• [EXERCISE MATERIALS]:
┌────────

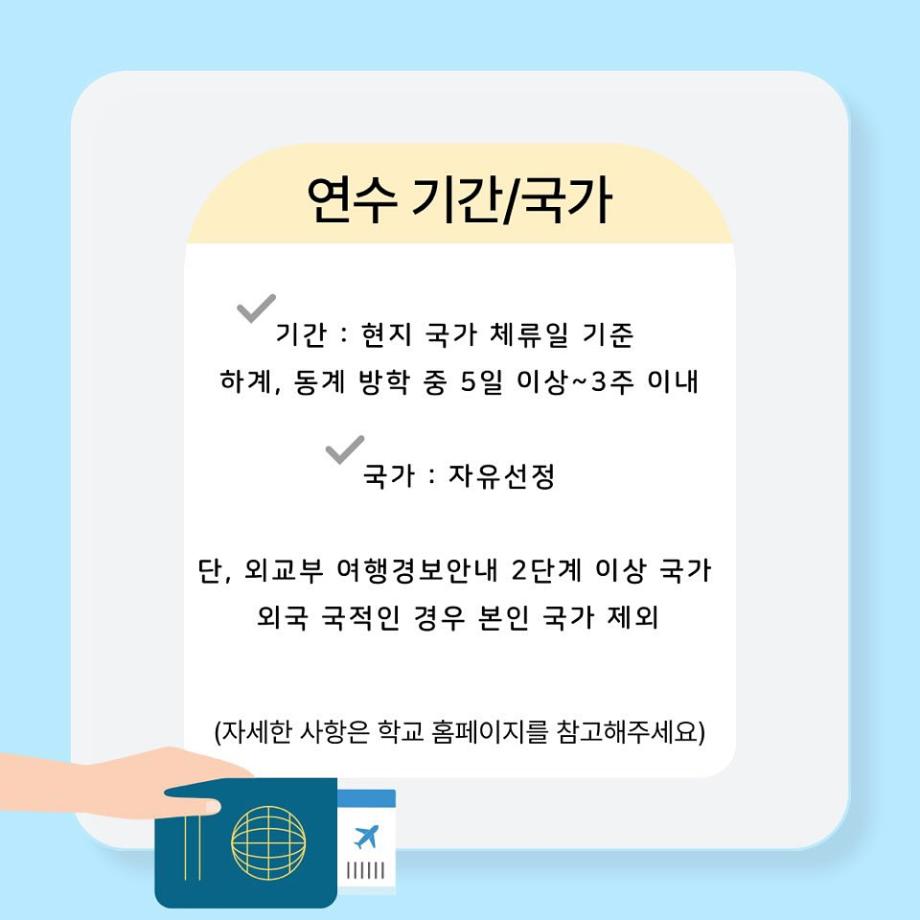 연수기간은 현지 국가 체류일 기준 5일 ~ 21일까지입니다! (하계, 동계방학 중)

└────────
┌────────

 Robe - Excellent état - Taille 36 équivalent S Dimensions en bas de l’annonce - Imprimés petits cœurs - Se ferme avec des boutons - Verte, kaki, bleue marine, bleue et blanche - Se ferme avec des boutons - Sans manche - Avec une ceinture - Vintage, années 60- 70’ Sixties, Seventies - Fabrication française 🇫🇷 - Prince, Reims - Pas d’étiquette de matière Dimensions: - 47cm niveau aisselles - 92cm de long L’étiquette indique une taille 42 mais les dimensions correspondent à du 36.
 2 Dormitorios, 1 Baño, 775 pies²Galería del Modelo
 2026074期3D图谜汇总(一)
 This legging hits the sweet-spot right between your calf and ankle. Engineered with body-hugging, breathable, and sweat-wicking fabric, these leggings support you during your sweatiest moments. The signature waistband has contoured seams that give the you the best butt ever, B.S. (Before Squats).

└────────
┌────────

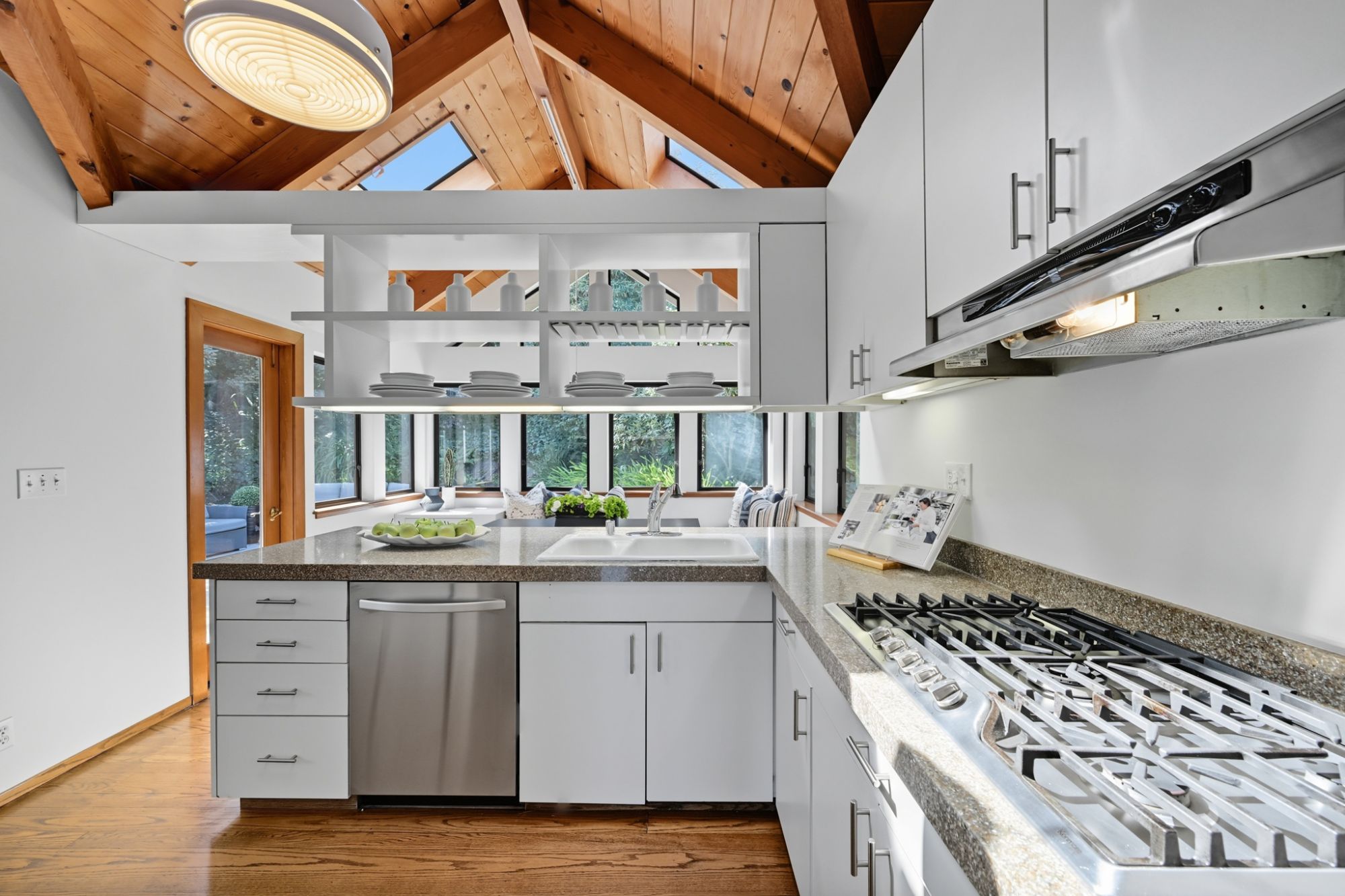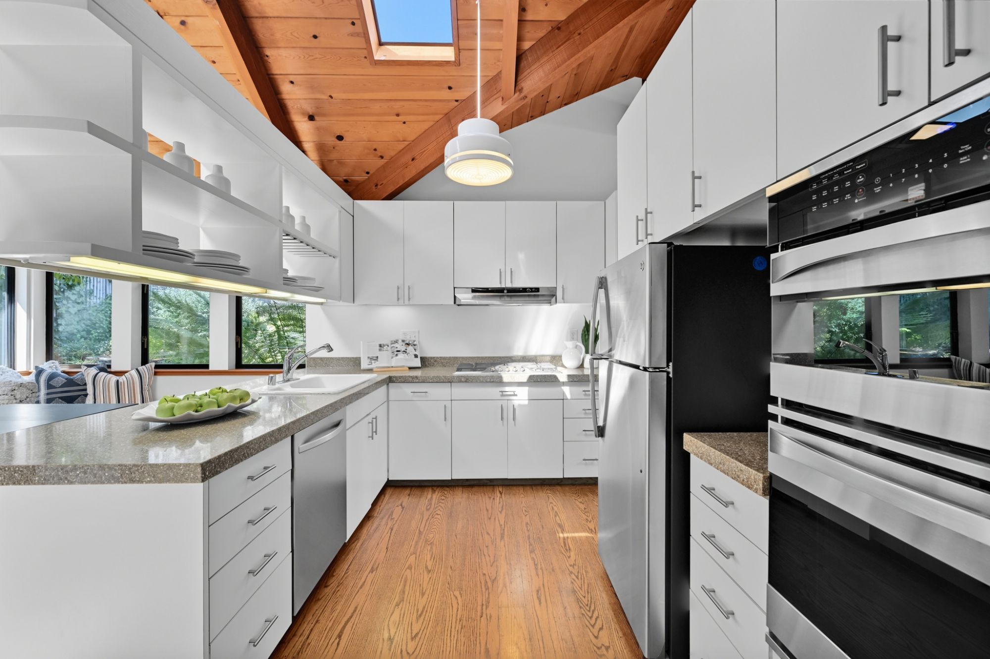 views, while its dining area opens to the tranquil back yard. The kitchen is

└────────

• [EXERCISE PROMPT]:
Set down, exactly as they stand above, the lines starting with the line with "2026074期3D图谜汇总(一)" and going on through the line with "This legging hits", and no others.

• [OUTPUT]:
 2026074期3D图谜汇总(一)
 This legging hits the sweet-spot right between your calf and ankle. Engineered with body-hugging, breathable, and sweat-wicking fabric, these leggings support you during your sweatiest moments. The signature waistband has contoured seams that give the you the best butt ever, B.S. (Before Squats).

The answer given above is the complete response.